- Listed records
* * * *

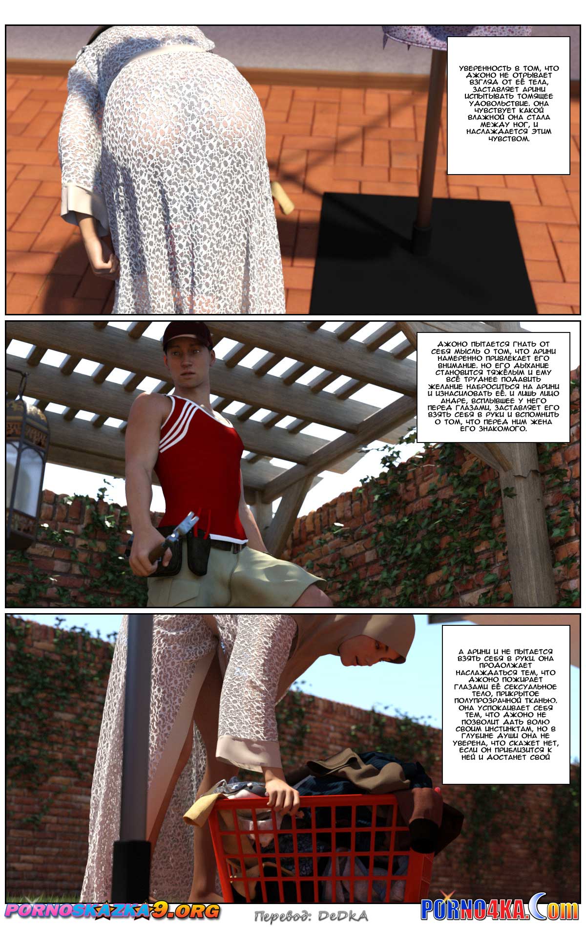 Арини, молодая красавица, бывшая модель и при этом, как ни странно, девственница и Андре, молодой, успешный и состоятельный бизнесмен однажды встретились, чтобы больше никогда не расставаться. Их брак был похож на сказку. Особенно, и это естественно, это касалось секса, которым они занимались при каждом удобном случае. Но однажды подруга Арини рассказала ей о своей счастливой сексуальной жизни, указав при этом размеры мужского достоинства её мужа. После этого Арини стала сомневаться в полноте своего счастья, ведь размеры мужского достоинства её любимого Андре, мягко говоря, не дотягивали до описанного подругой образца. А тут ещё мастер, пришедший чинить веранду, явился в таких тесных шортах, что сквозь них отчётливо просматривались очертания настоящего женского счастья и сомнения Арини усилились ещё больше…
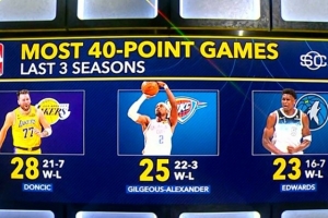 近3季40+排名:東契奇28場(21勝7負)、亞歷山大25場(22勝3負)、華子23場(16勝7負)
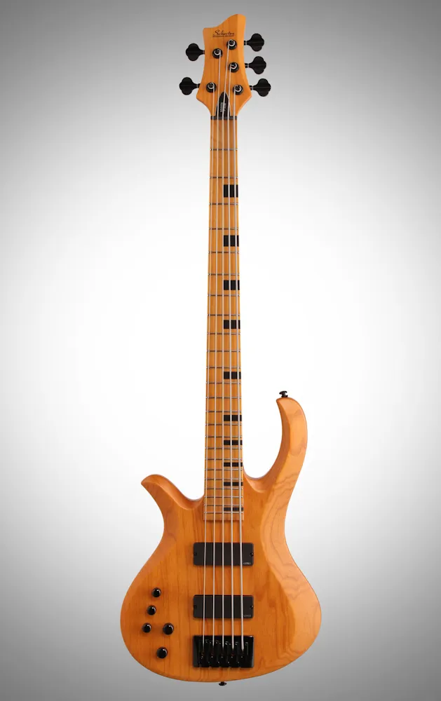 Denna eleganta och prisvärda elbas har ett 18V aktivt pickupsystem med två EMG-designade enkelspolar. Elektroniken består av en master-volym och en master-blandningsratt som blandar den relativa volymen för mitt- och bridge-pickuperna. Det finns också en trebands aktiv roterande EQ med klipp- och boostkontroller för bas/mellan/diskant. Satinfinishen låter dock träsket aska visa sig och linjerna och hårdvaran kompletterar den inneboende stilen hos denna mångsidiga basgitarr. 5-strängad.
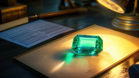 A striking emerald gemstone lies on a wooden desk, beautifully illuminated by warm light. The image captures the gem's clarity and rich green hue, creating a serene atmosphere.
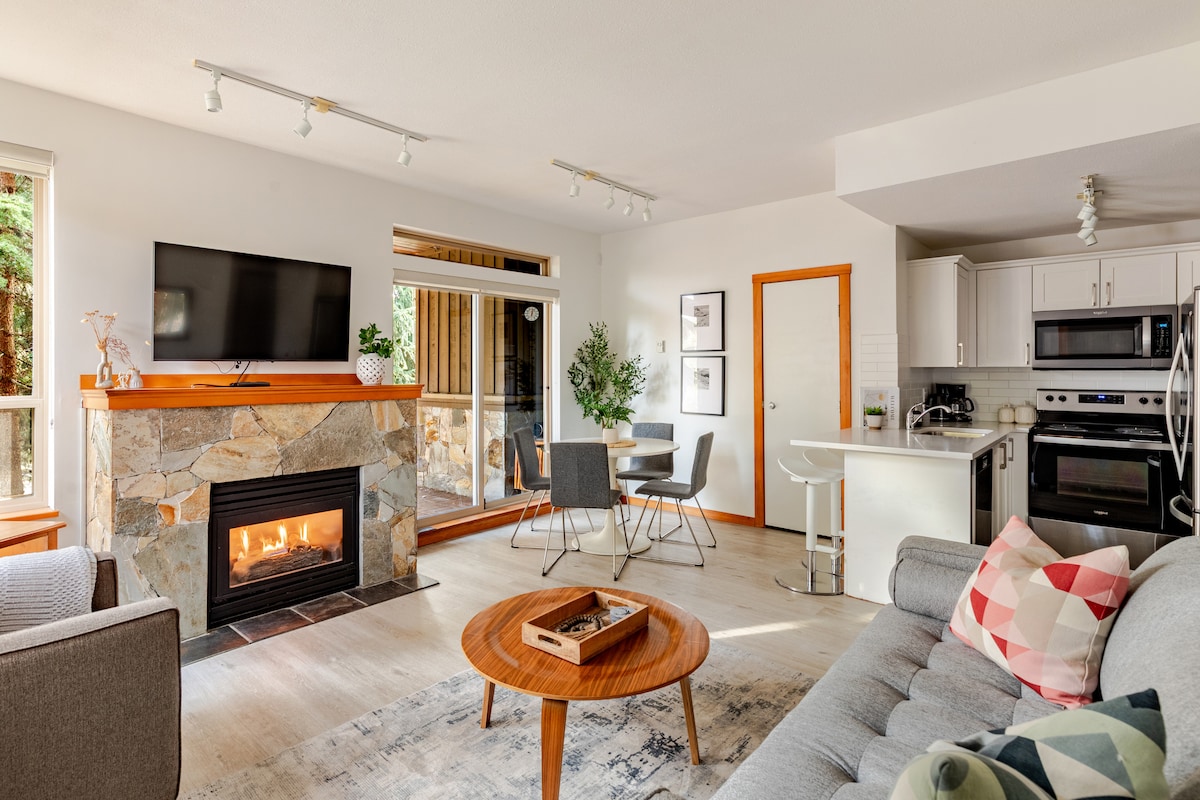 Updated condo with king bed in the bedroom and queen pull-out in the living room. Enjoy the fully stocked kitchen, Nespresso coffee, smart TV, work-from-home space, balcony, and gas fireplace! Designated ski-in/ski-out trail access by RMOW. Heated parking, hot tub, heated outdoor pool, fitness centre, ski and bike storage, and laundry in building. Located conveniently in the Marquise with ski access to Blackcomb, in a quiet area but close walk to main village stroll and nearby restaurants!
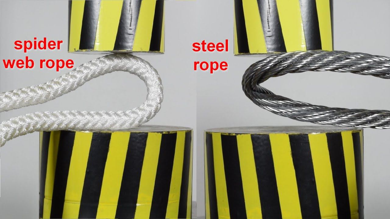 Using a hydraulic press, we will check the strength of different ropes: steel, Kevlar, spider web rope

* * * *

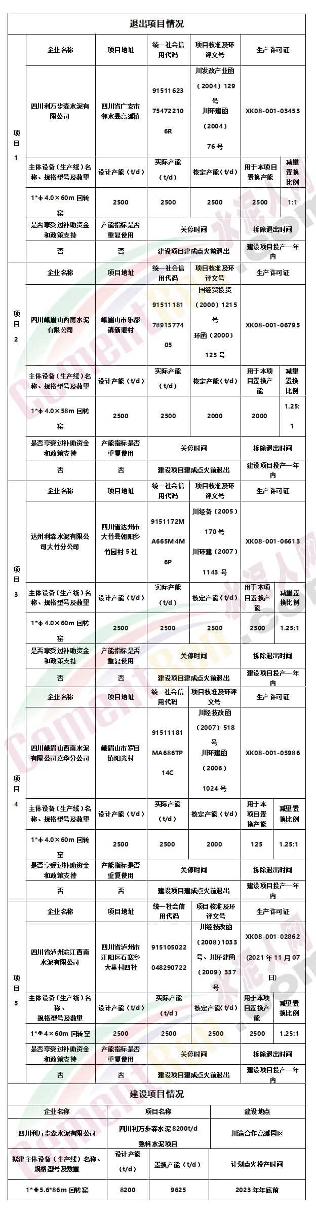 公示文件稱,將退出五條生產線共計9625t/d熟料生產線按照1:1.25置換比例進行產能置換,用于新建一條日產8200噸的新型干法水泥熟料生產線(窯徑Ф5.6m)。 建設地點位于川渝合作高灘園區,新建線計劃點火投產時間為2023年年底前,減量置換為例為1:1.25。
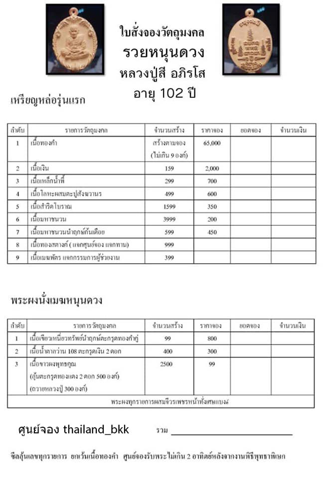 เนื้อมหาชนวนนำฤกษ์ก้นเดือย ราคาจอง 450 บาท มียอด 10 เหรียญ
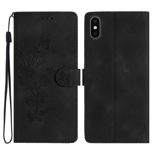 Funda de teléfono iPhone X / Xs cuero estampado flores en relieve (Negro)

* * * *

- Your objective
The answer is those lines of the material above that run from the one containing "公示文件稱,將退出五條生產線" up to and including the one containing "Funda de teléfono", restated exactly and without images.

- Completed task
 公示文件稱,將退出五條生產線共計9625t/d熟料生產線按照1:1.25置換比例進行產能置換,用于新建一條日產8200噸的新型干法水泥熟料生產線(窯徑Ф5.6m)。 建設地點位于川渝合作高灘園區,新建線計劃點火投產時間為2023年年底前,減量置換為例為1:1.25。
 เนื้อมหาชนวนนำฤกษ์ก้นเดือย ราคาจอง 450 บาท มียอด 10 เหรียญ
 Funda de teléfono iPhone X / Xs cuero estampado flores en relieve (Negro)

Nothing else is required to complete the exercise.